1. Academic Validation
  2. Synergistic reversal of intrahepatic HCV-specific CD8 T cell exhaustion by combined PD-1/CTLA-4 blockade

Synergistic reversal of intrahepatic HCV-specific CD8 T cell exhaustion by combined PD-1/CTLA-4 blockade

  • PLoS Pathog. 2009 Feb;5(2):e1000313. doi: 10.1371/journal.ppat.1000313.
Nobuhiro Nakamoto 1 Hyosun Cho Abraham Shaked Kim Olthoff Mary E Valiga Mary Kaminski Emma Gostick David A Price Gordon J Freeman E John Wherry Kyong-Mi Chang
Affiliations

Affiliation

  • 1 Philadelphia Veterans Affairs Medical Center, Philadelphia, PA, USA.
Abstract

Viral persistence is associated with hierarchical Antiviral CD8 T cell exhaustion with increased programmed death-1 (PD-1) expression. In HCV persistence, HCV-specific CD8 T cells from the liver (the site of viral replication) display increased PD-1 expression and a profound functional impairment that is not reversed by PD-1 blockade alone. Here, we report that the inhibitory receptor cytotoxic T lymphocyte-associated antigen-4 (CTLA-4) is preferentially upregulated in PD-1(+) T cells from the liver but not blood of chronically HCV-infected patients. PD-1/CTLA-4 co-expression in intrahepatic T cells was associated with a profound HCV-specific effector dysfunction that was synergistically reversed by combined PD-1/CTLA-4 blockade in vitro, but not by blocking PD-1 or CTLA-4 alone.

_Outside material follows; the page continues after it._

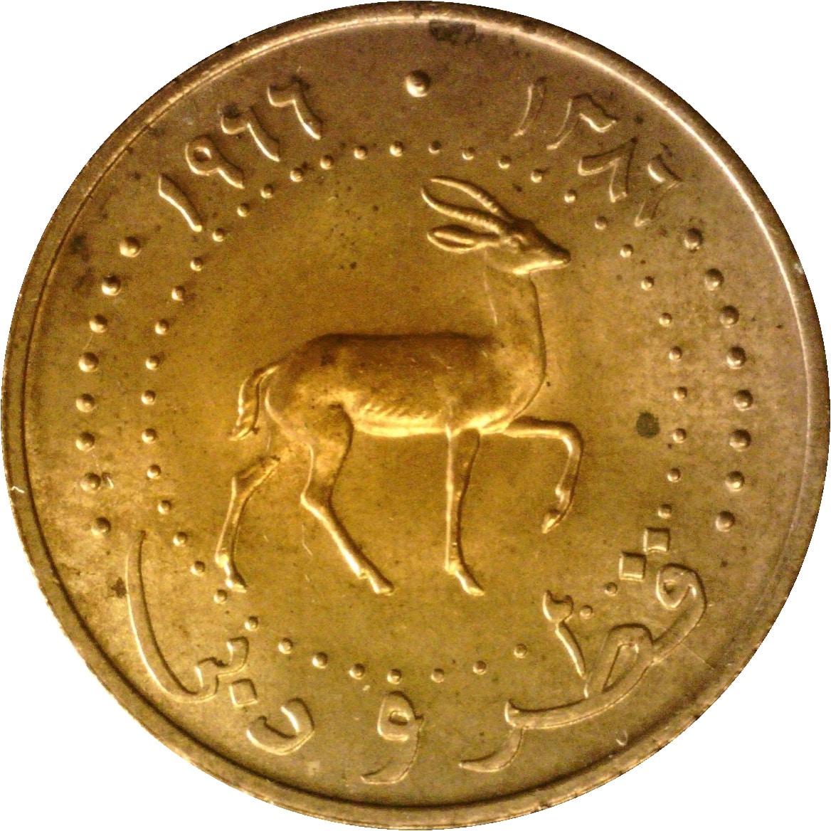 Qatar & Dubai 5 dirhams 1966 (1386) Gazelle KM#2 3.75g 22mm Bronze aXF B383 | |

A similar effect was observed in circulating HCV-specific CD8 T cells with increased PD-1/CTLA-4 co-expression during acute hepatitis C. The functional response to combined blockade was directly associated with CTLA-4 expression, lost with CD28-depletion and CD4-independent (including CD4(+)FoxP3(+) Tregs). We conclude that PD-1 and CTLA-4 pathways both contribute to virus-specific T cell exhaustion at the site of viral replication by a redundant mechanism that requires combined PD-1/CTLA-4 blockade to reverse. These findings provide new insights into the mechanisms of virus-specific T cell dysfunction, and suggest that the synergistic effect by combined inhibitory receptor blockade might have a therapeutic application against chronic viral Infection in vivo, provided that it does not induce autoimmunity.